(WHAT IS NEEDED) Can the lines below, from the one that holds "रविवार को सड़कों" to the very end, be echoed exactly, with both ends included and no pictures?

Records from a dataset:
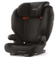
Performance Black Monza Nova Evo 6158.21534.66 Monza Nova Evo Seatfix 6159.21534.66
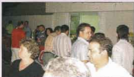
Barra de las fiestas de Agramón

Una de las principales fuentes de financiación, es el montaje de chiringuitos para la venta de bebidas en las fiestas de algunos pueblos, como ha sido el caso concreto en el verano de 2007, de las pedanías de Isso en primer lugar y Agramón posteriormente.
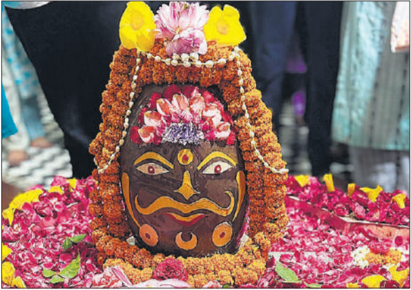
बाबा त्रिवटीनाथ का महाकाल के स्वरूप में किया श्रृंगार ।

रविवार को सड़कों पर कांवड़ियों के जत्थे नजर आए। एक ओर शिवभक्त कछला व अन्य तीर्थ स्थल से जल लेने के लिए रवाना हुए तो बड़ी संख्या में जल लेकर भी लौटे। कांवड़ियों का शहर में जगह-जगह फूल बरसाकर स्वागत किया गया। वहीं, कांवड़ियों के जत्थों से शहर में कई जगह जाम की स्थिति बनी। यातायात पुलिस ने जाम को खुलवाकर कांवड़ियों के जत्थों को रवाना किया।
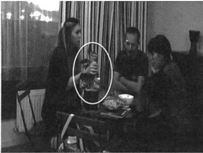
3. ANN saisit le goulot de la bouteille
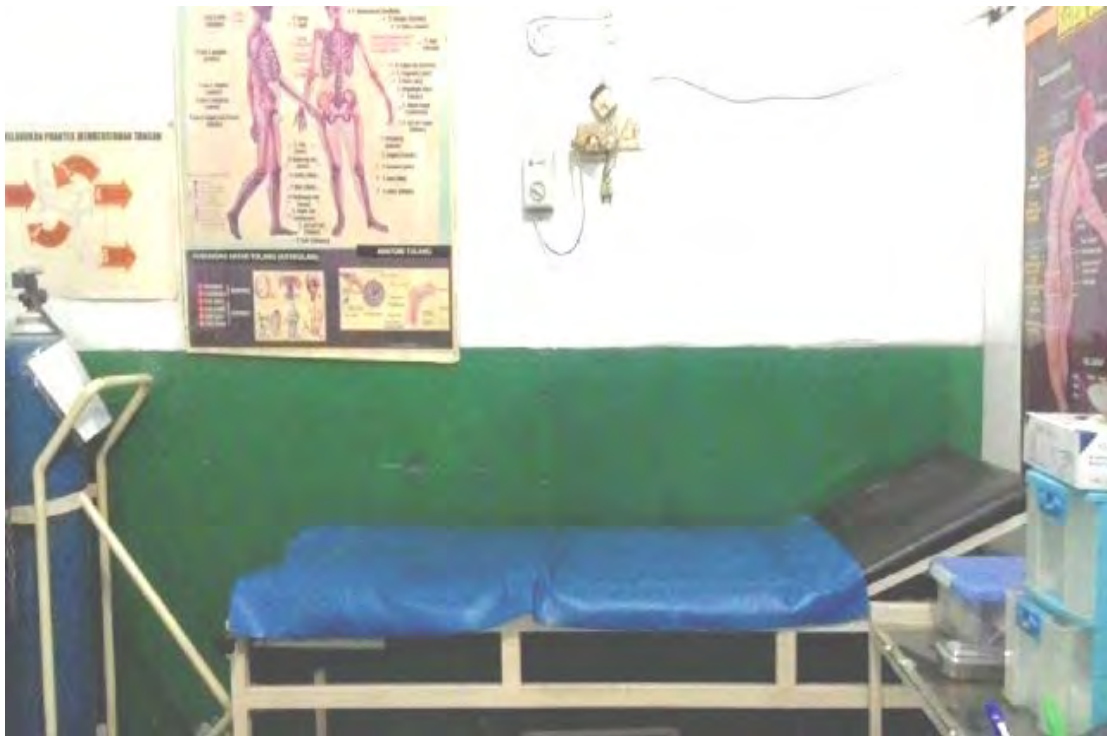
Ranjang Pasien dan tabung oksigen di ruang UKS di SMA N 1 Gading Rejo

(SOLUTION TO THIS TASK)
रविवार को सड़कों पर कांवड़ियों के जत्थे नजर आए। एक ओर शिवभक्त कछला व अन्य तीर्थ स्थल से जल लेने के लिए रवाना हुए तो बड़ी संख्या में जल लेकर भी लौटे। कांवड़ियों का शहर में जगह-जगह फूल बरसाकर स्वागत किया गया। वहीं, कांवड़ियों के जत्थों से शहर में कई जगह जाम की स्थिति बनी। यातायात पुलिस ने जाम को खुलवाकर कांवड़ियों के जत्थों को रवाना किया।
3. ANN saisit le goulot de la bouteille
Ranjang Pasien dan tabung oksigen di ruang UKS di SMA N 1 Gading Rejo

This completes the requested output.